▸ ABOUT THIS EXERCISE
The whole listing below should be printed again exactly, with no images.

======== INFORMATION SUPPLIED

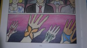 realistic either. The entire book feels as if it is a teenagers’ drawing book/diary. Yet, we see everything in Maggie’s voice, but from outside the story. This is a book you read and experience on your own level. You can find layers, or just a straight forward story of growing up and coming of age. It is not for the young or causal reader of graphic novels or young adult. At least 12 and up, but arguments could be made 14 to adult.
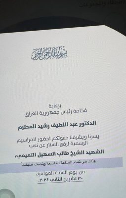 وتابع البيان، أن “حفل الافتتاح حضره رئيس مجلس النواب محمود المشهداني، ورئيس تيار الحكمة الوطني السيد عمار الحكيم، ورئيس مجلس الوزراء الأسبق إياد علاوي، ونائب رئيس مجلس الوزراء وزير الخارجية فؤاد حسين، ونائب رئيس مجلس الوزراء وزير التخطيط محمد تميم، والسيد حسين محمد هادي الصدر، وعائلة الشهيد طالب السهيل، إضافة إلى عدد من المسؤولين والشخصيات الاجتماعية.”
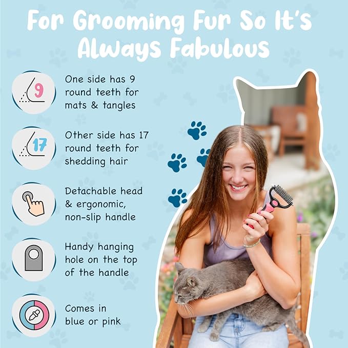 - ✅SAFE UNDERCOAT BRUSH: With a dual-sided design, use the 9-rounded teeth on the side for easy removal of mats and tangles and the 17-rounded teeth on other side perfect for deshedding and thinning hair. Our deshedder brush for dogs gently removes loose hair and eliminates tangles, knots without irritation or scratching. Prioritize your pet’s comfort and safety with every grooming session.
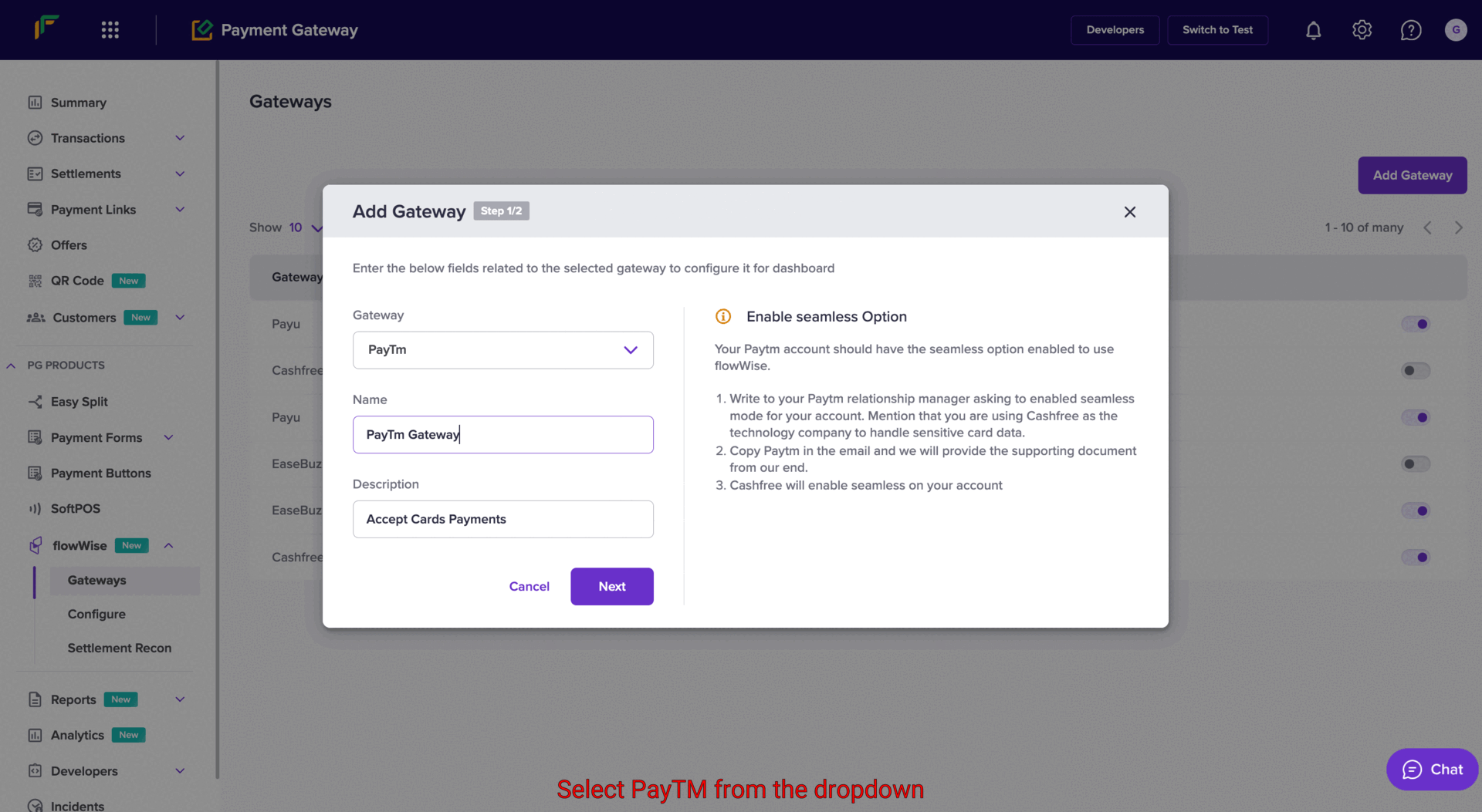 To be able to use PayTm on Flowwise, you will need to get the following items implemented for your PayTm account from your PayTm Account Manager:- Enable seamless mode for your account. Mention that you use Flowwise (Cashfree) as the technology service provider (TSP) to handle sensitive card data.

================

▸ EXPECTED ANSWER
 realistic either. The entire book feels as if it is a teenagers’ drawing book/diary. Yet, we see everything in Maggie’s voice, but from outside the story. This is a book you read and experience on your own level. You can find layers, or just a straight forward story of growing up and coming of age. It is not for the young or causal reader of graphic novels or young adult. At least 12 and up, but arguments could be made 14 to adult.
 وتابع البيان، أن “حفل الافتتاح حضره رئيس مجلس النواب محمود المشهداني، ورئيس تيار الحكمة الوطني السيد عمار الحكيم، ورئيس مجلس الوزراء الأسبق إياد علاوي، ونائب رئيس مجلس الوزراء وزير الخارجية فؤاد حسين، ونائب رئيس مجلس الوزراء وزير التخطيط محمد تميم، والسيد حسين محمد هادي الصدر، وعائلة الشهيد طالب السهيل، إضافة إلى عدد من المسؤولين والشخصيات الاجتماعية.”
 - ✅SAFE UNDERCOAT BRUSH: With a dual-sided design, use the 9-rounded teeth on the side for easy removal of mats and tangles and the 17-rounded teeth on other side perfect for deshedding and thinning hair. Our deshedder brush for dogs gently removes loose hair and eliminates tangles, knots without irritation or scratching. Prioritize your pet’s comfort and safety with every grooming session.
 To be able to use PayTm on Flowwise, you will need to get the following items implemented for your PayTm account from your PayTm Account Manager:- Enable seamless mode for your account. Mention that you use Flowwise (Cashfree) as the technology service provider (TSP) to handle sensitive card data.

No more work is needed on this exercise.